Na área de entretenimento, o Queremos! é uma plataforma que reúne fãs, produtores e artistas para promover shows e eventos por meio de crowdfunding. Já a WeGoOut é uma plataforma de interação social que recomenda festas e locais para sair com base no seu grupo de amigos de redes sociais como o Facebook, mostrando quem irá, quem já está lá e fotos do ambiente. Um pouco invasivo, mas, segundo o co-fundador Frederico Camara, só monitora pessoas cadastradas na plataforma.
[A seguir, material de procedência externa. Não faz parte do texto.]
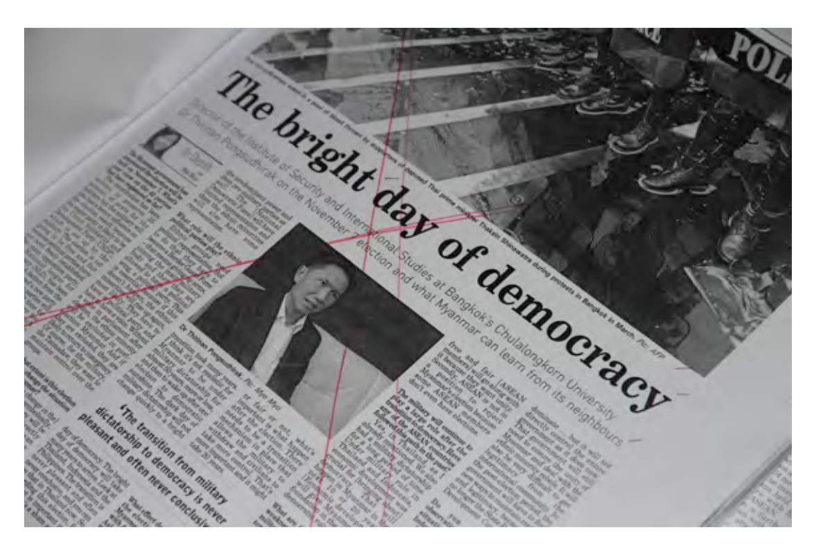
The Myanmar Times copy censored by Press Scrutiny Board 2010

Também se apresentaram a XJobs, plataforma para terceirização de projetos online; a ZeroPaper, que oferece um gerenciador financeiro inteligente para pequenos empresários e empreendedores individuais; e a Easyaula, que aproxima pessoas que querem ensinar das que querem aprender. Já a Bidcorp atua no mercado de bens e ativos excedentes, com foco na construção civil. Ao encerrar uma obra, a construtora pode disponibilizar seus ativos novos e usados a preços acessíveis para pequenas e médias empresas. A empresa já conta com mais de R$ 50 milhões em ativos excedentes de grandes construtoras como a Odebrecht.